Eligibility to run consists of variations on fairness and priority and readiness, and by this method various threads get time slices, some more than others.

If there are multiple cores, N, then the operating system schedules the most eligible N threads to run on the cores.

Processor Affinity is an efficiency consideration. Each time a CPU runs a different thread than before, it tends to slow down a bit because its cache is warm for the previous thread, but cold to the new one. Thus, running the same thread on the same processor over numerous time slices is an efficiency advantage.

However, the operating system is free to offer one thread time-slices on different CPUs, and it could rotate through all the CPUs on different time slices. It cannot, however, as @gnasher729 says, run one thread on multiple CPUs simultaneously.

Hyperthreading is a method in hardware by which a single enhanced CPU core can support execution of two or more different threads simultaneously. (Such a CPU can offer additional threads at lower cost in silicon real-estate than additional full cores.) This enhanced CPU core needs to support additional state for the other threads, such as CPU register values, and also has coordination state & behavior that enables sharing of functional units within that CPU without conflating the threads.
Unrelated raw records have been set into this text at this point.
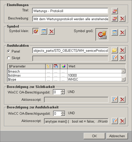 Im Bereich "Berechtigung zur Ausführbarkeit" wird das WinCC OA Berechtigungsbit definiert, für welches das Item im System Management Panel und GEDI Menü ausführbar sein soll (siehe auch Berechtigungsstufen und Config "Berechtigung"). Zusätzlich kann für die Ausführbarkeit ein Aktionsskript hinterlegt werden.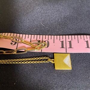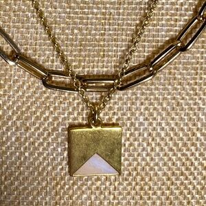 Madewell Palisade Gold Plated Brass Necklace Set from Nordstrom. Longest Features Inlaid Semi-Precious Stone Pendant. The Paperclip Chain is 10”, The Pendant Necklace is 11” each with 3” extensions extended. Lobster Clasps. Nickel Safe.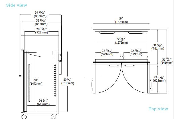 This model is easily operated from a digital monitoring system where you can view and set the temperature, control defrost cycles, and manage evaporator fan motor delay. A sliding condensing unit and four (4) 4″ diameter swivel casters with front brakes make for easy cleaning. With a self-contained refrigeration system, this unit will simply need to be plugged in to get to work!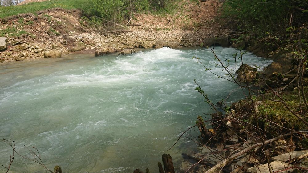 Мощные потоки воды выходят со дна двух огромных соединившихся карстовых воронок. Глубина меньшей воронки — 20 м, глубина действующей воронки — 38 метров.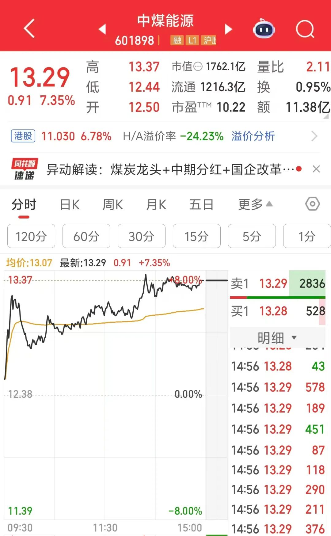 中煤能源A、H股双双大涨,A股收涨7.35%,最新总市值为1762.1亿元;H股同样涨超7%。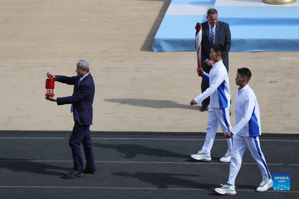 Special representative and Vice-President of Beijing 2022 Yu Zaiqing (1st L) holds up a lantern containing the Olympic Flame during the handover ceremony of the Olympic Flame for the Beijing 2022 Winter Olympic Games at the Panathenaic Stadium in Athens, Greece, Oct. 19, 2021. (Xinhua/Zheng Huansong)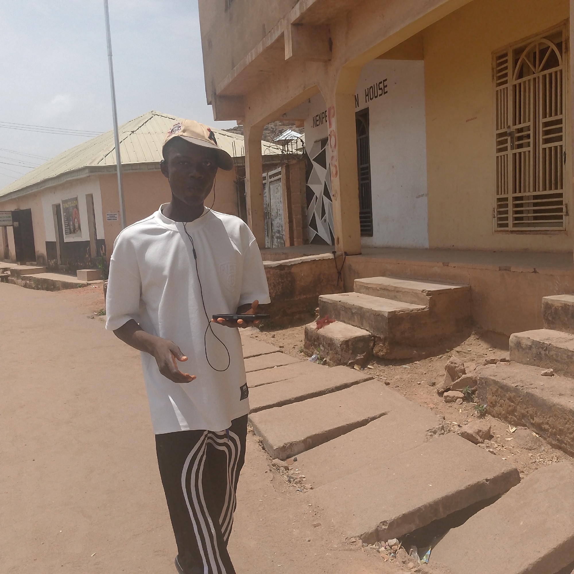 A young man stands on a street in Gura Top, Nigeria. He wears a white t-shirt with black track pants and a baseball cap. He has earphones in and holds a smartphone in his left hand. The street is unpaved and lined with buildings. To the right, a building with "N HOUSE" on the side has a set of concrete steps leading to the entrance. Another building is across the street, and a rooftop is visible in the background. The sky is overcast.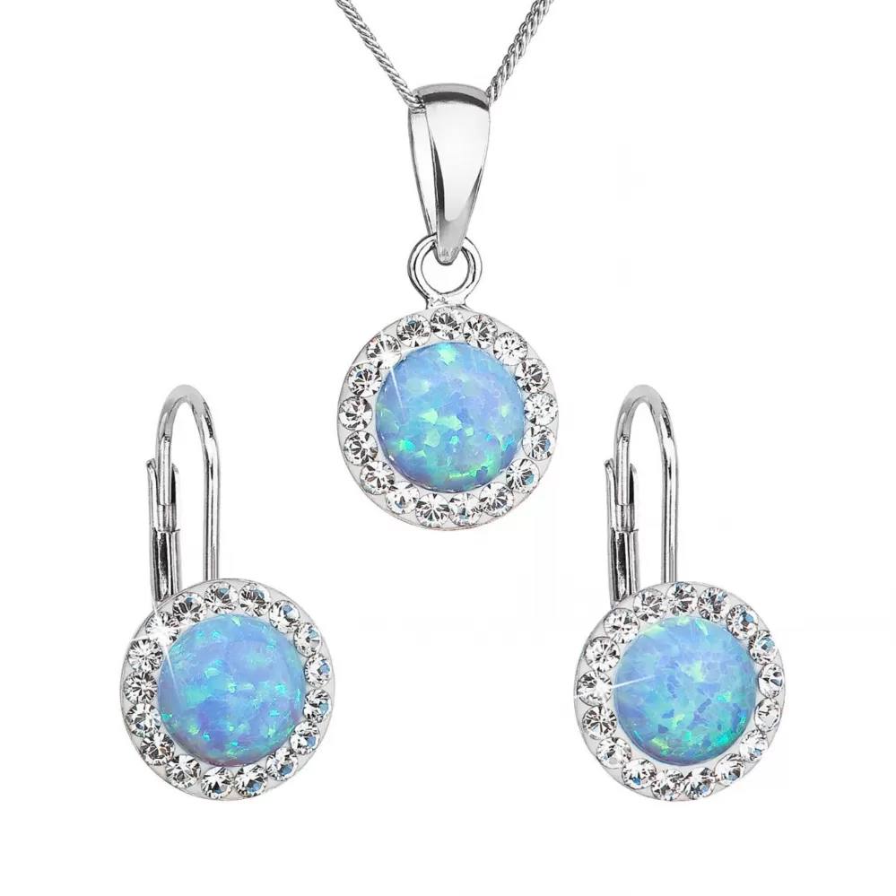 Súprava šperkov so syntetickým opálom a kryštálmi Preciosa náušnice a prívesok svetlo modrej okrúhle 39160.1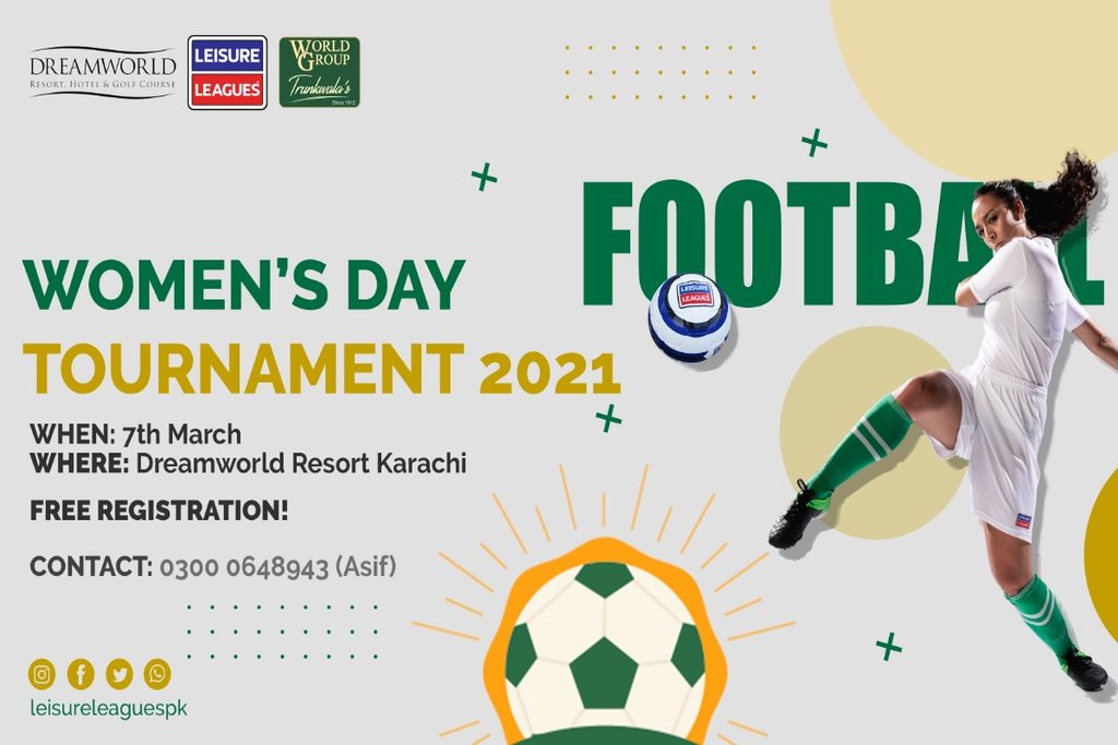 Leisure Leagues PK and World Group in collaboration with Dreamworld are organizing a Women's Football tournament 2021 on 7th March at Dreamworld Resort, Karachi.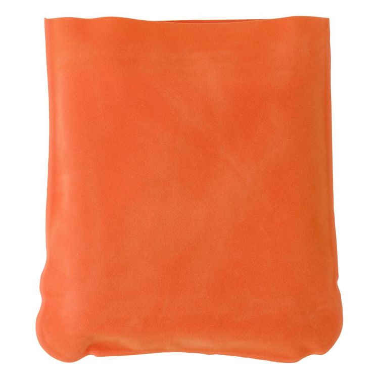 Inflatable velour travel cushion in velour pouch.
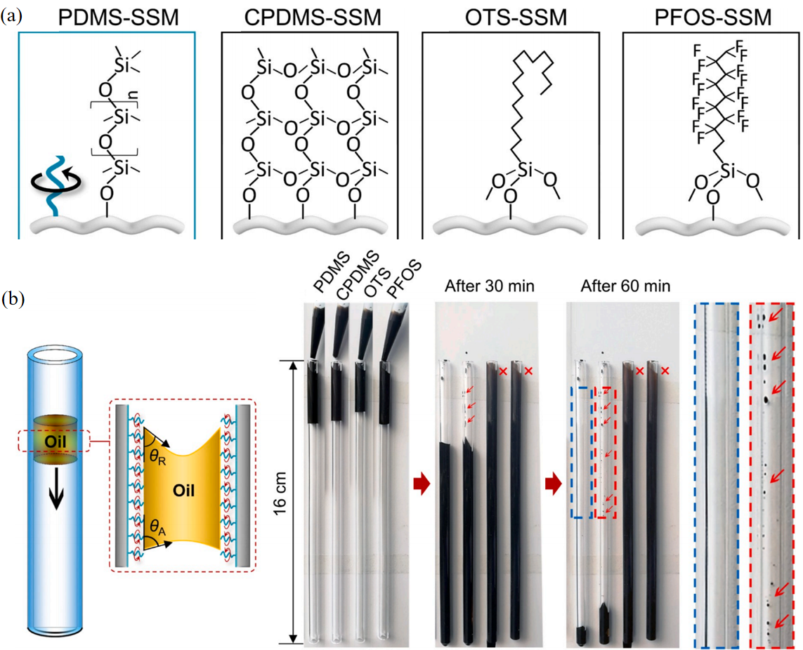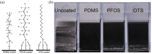图10 类液体表面在防结垢中的应用。(a) 分别在涂层表面接枝PDMS、全氟烷基硅烷(PFOS)和十八烷基三氯硅烷(OTS)的示意图[104];(b) 涂层表面接枝PDMS、全氟烷基硅烷(PFOS)和十八烷基三氯硅烷(OTS)的防结垢测试效果图[104]Fig.10 Application of liquid-like surfaces in anti-fouling. (a) Schematic diagram of grafting PDMS, perfluoroalkylsilane (PFOS), and octadecyltrichlorosilane (OTS) onto coated surfaces, respectively[104]; (b) anti-fouling test results of coated surfaces grafted with PDMS, perfluoroalkylsilane (PFOS), and octadecyltrichlorosilane (OTS)[104] |
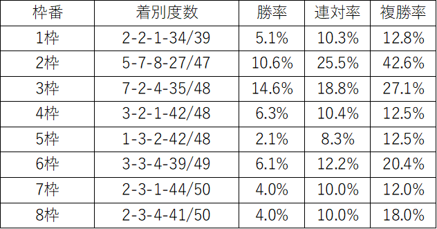2枠(複勝率42.6%)についてのみ統計的有意差が認められ、平均複勝率(20%)よりも好走する傾向が見られた。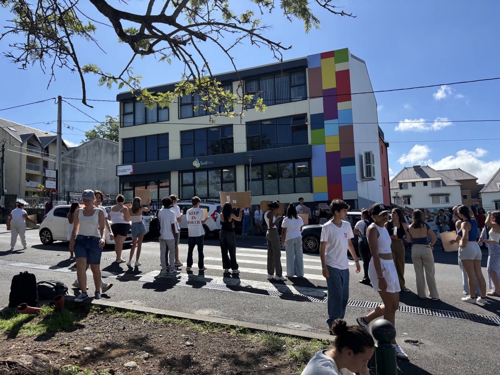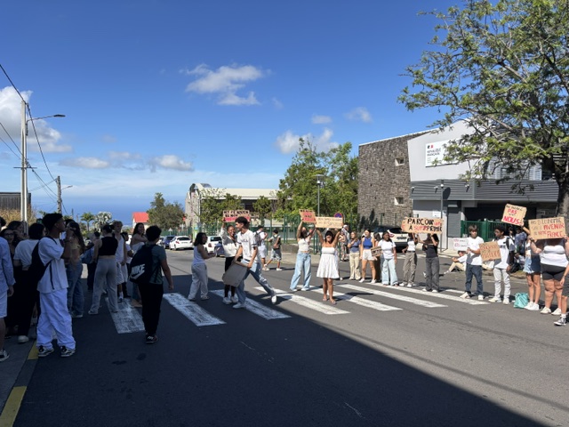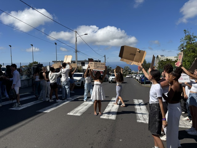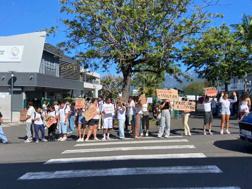 Ce jeudi 5 décembre 2024, les élèves élus du lycée Roland-Garros se sont regroupés devant leur établissement du Tampon. Ils se sont mobilisés pour "défendre leur avenir et une éducation de qualité", face à des évaluations "incessantes" (Photos : DR)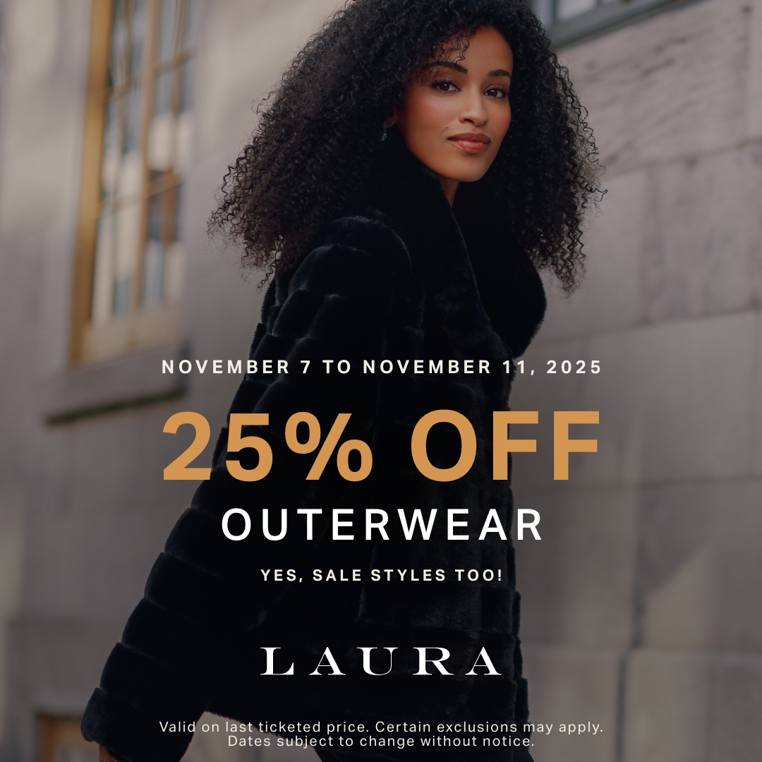 Laura Outerwear Sale From November 7th-11th, receive 25% off outerwear at Laura. Posted on 03/11/2025 + Share! More News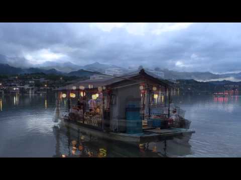 2015年9月28日(月)18時すぎ予定では、中の島公園から、日田温泉 亀山亭ホテルをみてみると満月...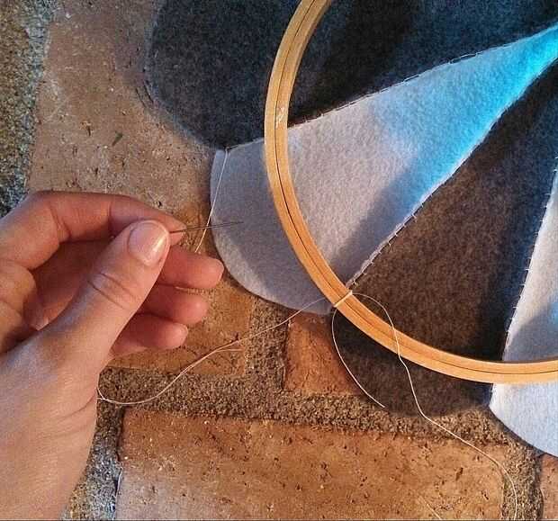 Coser el círculo bordado en el interior de la tienda de fieltro con una puntada del azote, en el interior esquina de cada pieza y firmemente alrededor del círculo bordado. Reforzar la puntada varias veces, una vez no se garantiza para mantener lo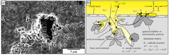 Figure 20. Characteristic of deep etching in iodine-methanol solution. (a) The scanning electron micrographs of the hole on the surface of the sample. (b) A schematic presentation of the deep etching of an aluminium alloy, which contains an intermetallic phase [236]. Arrows indicate the movements of the ions.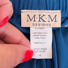 Vintage MKM Designs 90s Y2K Wide Cropped Flowy Leg Glitter Boho Whimsy Gypsy Ren Faire Women's Palazzo Pants Culottes Gauchos Deep teal blue with gold glitter embellished accent elastic waist Pull on Polyester spandex Hand wash Made in USA Sz Medium waist 28 rise 12 inseam 23 Good condition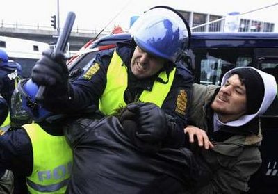 哥本哈根警方發(fā)言人拉森說(shuō),已有260位抗議人士在與警方?jīng)_突時(shí)遭拘捕,他并強(qiáng)調(diào),沒(méi)有人能闖入貝拉會(huì)展中心。

Hyperthreading, while technically challenging from a hardware perspective, from the programmer's perspective, the execution model is merely that of additional CPU cores rather than anything more complex. So, the operating system sees additional CPU cores, though there are some new processor affinity issues as several hyperthreaded threads are sharing one CPU core's cache architecture.


We might naively think that two threads running on a hyperthreadded core each run half as fast as they would each with their own full core. But this is not necessarily the case, since a single thread's execution is full of slack cycles, and some amount of them can be used by the other hyperthreaded thread. Further, even during non-slack cycles, one thread may be using different functional units than the other so simultaneous execution can occur. The enhanced CPU for hyperthreading may have a few more of certain heavily used functional units specially to support that.